Activity: Make an exact copy of the records below, excluding images.

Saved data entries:

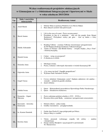 Wykaz realizowanych projektów edukacyjnych w Gimnazjum nr 1 z Oddziałami Integracyjnymi i Sportowymi w Skale w roku szkolnym 2015/2016 Lp. Imię i nazwisko nauczyciela Realizowany temat Anioł Marek 1. Montaż filmu za pomocą Windows Live Movie Maker. 2. Baza danych uczniów klas pierwszych. Boroń Joanna 1. Life in the eyes of a poet. /Życie oczyma poety/. 2. Presidents as big as a mountain – who are the people from Mount Rushmore? /Prezydenci wielcy jak góra – kim są ludzie z Góry Rushmore?/ 3. Dańda Aleksander 1. Reading Tolkien – czytamy Tolkiena /inscenizacja i przygotowanie do III Międzyszkolnego Konkursu Tolkienowskiego/. 2. ‘Game of Thrones’ and British history – związki między „Grą o Tron” i historią brytyjską. 4. Doniek Iwona 1. Cukier – wróg czy przyjaciel? 2. Z chemią na co dzień. 5. Dziurska Anna 1. Mitologia świata. 2. Prawa, wolności i obowiązki obywatela w świetle Konstytucji RP. 6. Gajewska Anna 1. „Czy znasz ten kraj?. Zagadki geograficzne”. 2. Wybrane Parki Narodowe Świata. 7. Gogól Teresa 1. Co/czy młodzież Gimnazjum czyta? /badania ankietowe ich analiza – wnioski/ – artykuł do gazetki szkolnej. 2. Język reklamy. 8. Gubała Iwona 1. Quest – Różnorodność przyrodnicza Ojcowskiego Parku Narodowego. 2. Quest – Dziedzictwo kulturowe. 9. Konarska – Zapart Marzena 1. Życie codzienne polskiej szlachty w XVI – XVII w. 2. Rocznica bitwy pod Skałą – scenariusz i przygotowanie uroczystości. 10. Korzonek – Jaworska Katarzyna 1. Historia ubioru – pokaz mody. 2. Grafika warsztatowa – przegląd techniki. 11. ks. Koston Dominik 1. Osoba Jana Pawła II i jego pielgrzymki po Polsce. 2. Motyw Maryi w rzeźbie. Kowina Anna 1. Teksty piosenek wybranego zespołu lub solisty i interpretacja. 2. Dzieje rodziny Borejków i jej przyjaciół w powieściach M. Musierowicz. 1. 2. 12. – analiza 1 Wykaz realizowanych projektów edukacyjnych w Gimnazjum nr 1 z Oddziałami Integracyjnymi i Sportowymi w Skale w roku szkolnym 2015/2016 Lp. Imię i nazwisko nauczyciela Realizowany temat 13. Kozień Joanna 1. Łańcuch przeżycia – działanie systemu ratownictwa w Polsce. 2. Wybrane podmioty odpowiadające za ochronę państwa i jego obywateli – geneza powstania, główne zadania. 14. Koźbiał Katarzyna 1. Zasady gry w piłce siatkowej + makieta boiska. 2. Grzyby jadalne i trujące OPN. 15. Nieckula Zofia 1. Polscy nobliści literaccy. 2. Nagrody IBBY – prezentacja multimedialna. 16. Puget Anna 1. Matematyka w sztuce, sztuka w matematyce. 2. Matematyka w obiektywie. 17. Rodek Grażyna 1. Dzień folkowy w naszej szkole /plastyka, muzyka, zajęcia artystyczne/. 2. Kolędy i pastorałki polskie /muzyka/. 18. Smalec Justyna 1. Fizyka wokół nas. 2. Maria Skłodowska – Curie i jej rola w rozwoju fizyki. 19. 1. Arcydzieło życia i śmierci Salomei Piastówny… czyli jak być wartościową osobą, w niesprzyjających warunkach, gdy nie można decydować o swoim losie!!! (W projekcie przewiduje się warsztaty z zakresu publicznej prezentacjitworzenia jej scenariusza i realizacji z wykorzystaniem multimediów, częściowo w ramach koła teatralnego). 2. Szaleństwo i mądrość epoki średniowiecza przez pryzmat sztuki życia i śmierci Salomei Piastówny – osobowości na miarę wyzwań XXI-wszego wieku. (W projekcie przewiduje się warsztaty z zakresu publicznej prezentacjitworzenia jej scenariusza i realizacji z wykorzystaniem multimediów, częściowo w ramach koła teatralnego). Szandor – Wilk Halina 20. Szkutnik Natalia 1. Historia wybranej dyscypliny sportowej – siatkówka. 2. Znane sylwetki polskich sportowców jako czynnik kształtujący pozytywne postaw wobec sportu wśród dzieci i młodzieży. 21. Świda Ewa 1. 2. 22. Trzcionka Małgorzata 1. Kodeks walki z rakiem. 2. Czy wiesz co jesz? Życie i twórczość Jana Kochanowskiego. Mistrz ortografii. 2 Wykaz realizowanych projektów edukacyjnych w Gimnazjum nr 1 z Oddziałami Integracyjnymi i Sportowymi w Skale w roku szkolnym 2015/2016 Lp. Imię i nazwisko nauczyciela 23. Trzcionka Małgorzata 3. Kodeks walki z rakiem. 4. Czy wiesz co jesz? 24. Wrona Beata 1. Wielościany. 2. Matematyka wokół nas. 25. Zastawnik Piotr 1. Udział Polaków w nowożytnych igrzyskach olimpijskich. 26. Ziarkowska Magdalena 1. „Wigilijna ulica” czyli Jasełka XXI w. 2. Zbieramy pieniądze na klasową / szkolną wycieczkę. 27. Żak Barbara 1. Jaka jest rola matematyki w poezji, malarstwie i muzyce? 2. Nasze miasto w liczbach. Realizowany temat 3
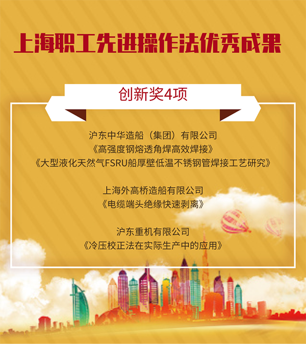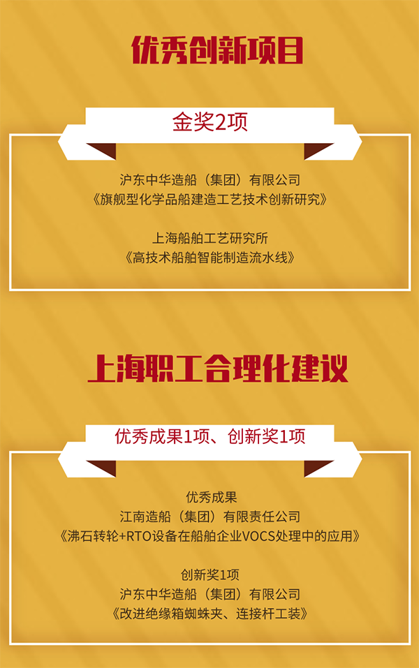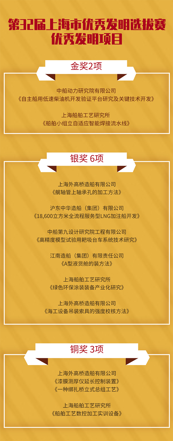 中國船舶集團(tuán)上海船舶系統(tǒng)共19項(xiàng)職工創(chuàng)新成果,在第32屆上海市優(yōu)秀發(fā)明選拔賽等各項(xiàng)賽事中斬獲佳績。
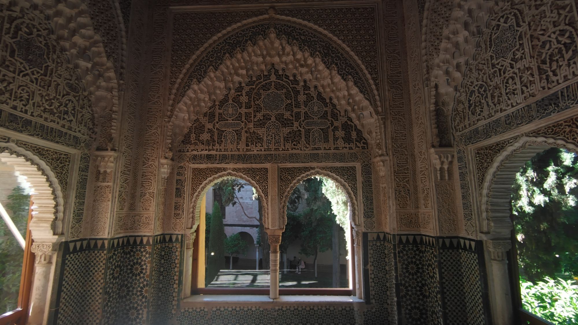 Arabeschi. Arabeschi dappertutto, fiori colorati nei giardini dell’Alhambra, architetture moresche che si rispecchiano nei laghetti; il nome di dio scritto sui muri tra gli arabeschi e sul pavimento, dove una volta non ci poteva stare, per non essere calpestato. Arabeschi tracciati sulla schiena, nel buio dell’hammam, dalle piccole mani della massaggiatrice che si è presentata sussurrando il nome di mia madre: cosa leggono le mani nelle curve rigide di questa schiena? Il tempo di chiederselo e già la luce del giorno ci richiama di nuovo fuori dalle grandi vasche di acqua calda e gelida nella penombra illuminata dalle candele.
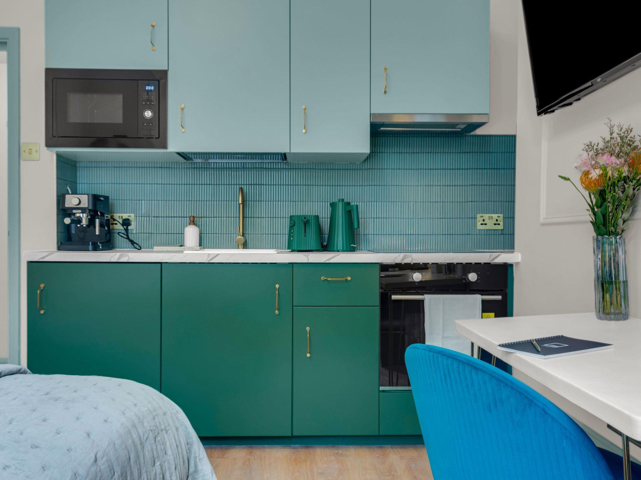 "Kensington Studio", 1-room studio 25 m2. Object suitable for 2 adults. Beautiful and stylish furnishings: open living/sleeping room with 1 double bed, shower/WC, TV, cable TV and flat screen. Open kitchen (oven, 4 ceramic glass hob hotplates, toaster, kettle, microwave). Facilities: hair dryer. Internet (WiFi, free). Please note: not suitable for small children. TV only EN. Smoke alarm, fire extinguisher, no lift. The property is one of a type of property or apartment.
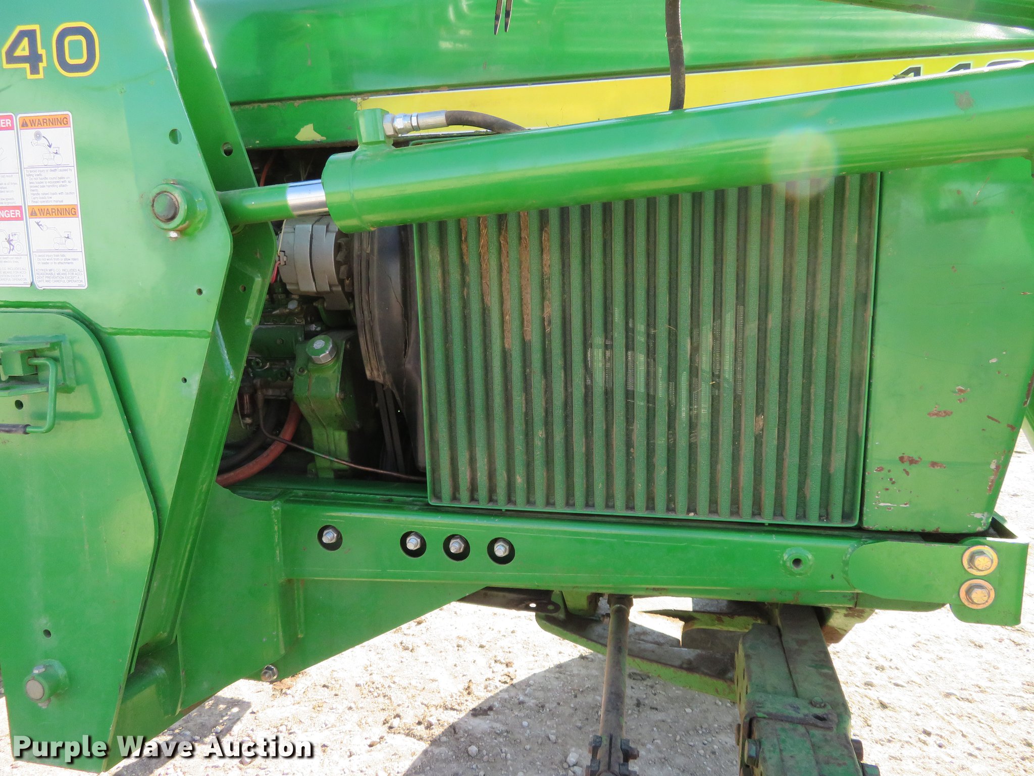 Purple Wave is selling a used Tractor in Kansas. This item is a 1974 John Deere 4430 tractor with the following: 7,508 hours on meter, John Deere six cylinder diesel engine, Synchro transmission, 8F-4R gears, Differential lock, AC and heat, AM/FM, Suspension seat, John Deere 740 loader, 8'W bucket, Quick attach, Self-leveling, Joystick controls, Three point, 540/1000 PTO, Draw bar, Front hydraulic remote, (2) rear hydraulic remotes, Rear wheel weights, 11.00-16 front tires, 18.4R38 rear tires, Serial 4430R031008R

Response:
 Wykaz realizowanych projektów edukacyjnych w Gimnazjum nr 1 z Oddziałami Integracyjnymi i Sportowymi w Skale w roku szkolnym 2015/2016 Lp. Imię i nazwisko nauczyciela Realizowany temat Anioł Marek 1. Montaż filmu za pomocą Windows Live Movie Maker. 2. Baza danych uczniów klas pierwszych. Boroń Joanna 1. Life in the eyes of a poet. /Życie oczyma poety/. 2. Presidents as big as a mountain – who are the people from Mount Rushmore? /Prezydenci wielcy jak góra – kim są ludzie z Góry Rushmore?/ 3. Dańda Aleksander 1. Reading Tolkien – czytamy Tolkiena /inscenizacja i przygotowanie do III Międzyszkolnego Konkursu Tolkienowskiego/. 2. ‘Game of Thrones’ and British history – związki między „Grą o Tron” i historią brytyjską. 4. Doniek Iwona 1. Cukier – wróg czy przyjaciel? 2. Z chemią na co dzień. 5. Dziurska Anna 1. Mitologia świata. 2. Prawa, wolności i obowiązki obywatela w świetle Konstytucji RP. 6. Gajewska Anna 1. „Czy znasz ten kraj?. Zagadki geograficzne”. 2. Wybrane Parki Narodowe Świata. 7. Gogól Teresa 1. Co/czy młodzież Gimnazjum czyta? /badania ankietowe ich analiza – wnioski/ – artykuł do gazetki szkolnej. 2. Język reklamy. 8. Gubała Iwona 1. Quest – Różnorodność przyrodnicza Ojcowskiego Parku Narodowego. 2. Quest – Dziedzictwo kulturowe. 9. Konarska – Zapart Marzena 1. Życie codzienne polskiej szlachty w XVI – XVII w. 2. Rocznica bitwy pod Skałą – scenariusz i przygotowanie uroczystości. 10. Korzonek – Jaworska Katarzyna 1. Historia ubioru – pokaz mody. 2. Grafika warsztatowa – przegląd techniki. 11. ks. Koston Dominik 1. Osoba Jana Pawła II i jego pielgrzymki po Polsce. 2. Motyw Maryi w rzeźbie. Kowina Anna 1. Teksty piosenek wybranego zespołu lub solisty i interpretacja. 2. Dzieje rodziny Borejków i jej przyjaciół w powieściach M. Musierowicz. 1. 2. 12. – analiza 1 Wykaz realizowanych projektów edukacyjnych w Gimnazjum nr 1 z Oddziałami Integracyjnymi i Sportowymi w Skale w roku szkolnym 2015/2016 Lp. Imię i nazwisko nauczyciela Realizowany temat 13. Kozień Joanna 1. Łańcuch przeżycia – działanie systemu ratownictwa w Polsce. 2. Wybrane podmioty odpowiadające za ochronę państwa i jego obywateli – geneza powstania, główne zadania. 14. Koźbiał Katarzyna 1. Zasady gry w piłce siatkowej + makieta boiska. 2. Grzyby jadalne i trujące OPN. 15. Nieckula Zofia 1. Polscy nobliści literaccy. 2. Nagrody IBBY – prezentacja multimedialna. 16. Puget Anna 1. Matematyka w sztuce, sztuka w matematyce. 2. Matematyka w obiektywie. 17. Rodek Grażyna 1. Dzień folkowy w naszej szkole /plastyka, muzyka, zajęcia artystyczne/. 2. Kolędy i pastorałki polskie /muzyka/. 18. Smalec Justyna 1. Fizyka wokół nas. 2. Maria Skłodowska – Curie i jej rola w rozwoju fizyki. 19. 1. Arcydzieło życia i śmierci Salomei Piastówny… czyli jak być wartościową osobą, w niesprzyjających warunkach, gdy nie można decydować o swoim losie!!! (W projekcie przewiduje się warsztaty z zakresu publicznej prezentacjitworzenia jej scenariusza i realizacji z wykorzystaniem multimediów, częściowo w ramach koła teatralnego). 2. Szaleństwo i mądrość epoki średniowiecza przez pryzmat sztuki życia i śmierci Salomei Piastówny – osobowości na miarę wyzwań XXI-wszego wieku. (W projekcie przewiduje się warsztaty z zakresu publicznej prezentacjitworzenia jej scenariusza i realizacji z wykorzystaniem multimediów, częściowo w ramach koła teatralnego). Szandor – Wilk Halina 20. Szkutnik Natalia 1. Historia wybranej dyscypliny sportowej – siatkówka. 2. Znane sylwetki polskich sportowców jako czynnik kształtujący pozytywne postaw wobec sportu wśród dzieci i młodzieży. 21. Świda Ewa 1. 2. 22. Trzcionka Małgorzata 1. Kodeks walki z rakiem. 2. Czy wiesz co jesz? Życie i twórczość Jana Kochanowskiego. Mistrz ortografii. 2 Wykaz realizowanych projektów edukacyjnych w Gimnazjum nr 1 z Oddziałami Integracyjnymi i Sportowymi w Skale w roku szkolnym 2015/2016 Lp. Imię i nazwisko nauczyciela 23. Trzcionka Małgorzata 3. Kodeks walki z rakiem. 4. Czy wiesz co jesz? 24. Wrona Beata 1. Wielościany. 2. Matematyka wokół nas. 25. Zastawnik Piotr 1. Udział Polaków w nowożytnych igrzyskach olimpijskich. 26. Ziarkowska Magdalena 1. „Wigilijna ulica” czyli Jasełka XXI w. 2. Zbieramy pieniądze na klasową / szkolną wycieczkę. 27. Żak Barbara 1. Jaka jest rola matematyki w poezji, malarstwie i muzyce? 2. Nasze miasto w liczbach. Realizowany temat 3
 中國船舶集團(tuán)上海船舶系統(tǒng)共19項(xiàng)職工創(chuàng)新成果,在第32屆上海市優(yōu)秀發(fā)明選拔賽等各項(xiàng)賽事中斬獲佳績。
 Arabeschi. Arabeschi dappertutto, fiori colorati nei giardini dell’Alhambra, architetture moresche che si rispecchiano nei laghetti; il nome di dio scritto sui muri tra gli arabeschi e sul pavimento, dove una volta non ci poteva stare, per non essere calpestato. Arabeschi tracciati sulla schiena, nel buio dell’hammam, dalle piccole mani della massaggiatrice che si è presentata sussurrando il nome di mia madre: cosa leggono le mani nelle curve rigide di questa schiena? Il tempo di chiederselo e già la luce del giorno ci richiama di nuovo fuori dalle grandi vasche di acqua calda e gelida nella penombra illuminata dalle candele.
 "Kensington Studio", 1-room studio 25 m2. Object suitable for 2 adults. Beautiful and stylish furnishings: open living/sleeping room with 1 double bed, shower/WC, TV, cable TV and flat screen. Open kitchen (oven, 4 ceramic glass hob hotplates, toaster, kettle, microwave). Facilities: hair dryer. Internet (WiFi, free). Please note: not suitable for small children. TV only EN. Smoke alarm, fire extinguisher, no lift. The property is one of a type of property or apartment.
 Purple Wave is selling a used Tractor in Kansas. This item is a 1974 John Deere 4430 tractor with the following: 7,508 hours on meter, John Deere six cylinder diesel engine, Synchro transmission, 8F-4R gears, Differential lock, AC and heat, AM/FM, Suspension seat, John Deere 740 loader, 8'W bucket, Quick attach, Self-leveling, Joystick controls, Three point, 540/1000 PTO, Draw bar, Front hydraulic remote, (2) rear hydraulic remotes, Rear wheel weights, 11.00-16 front tires, 18.4R38 rear tires, Serial 4430R031008R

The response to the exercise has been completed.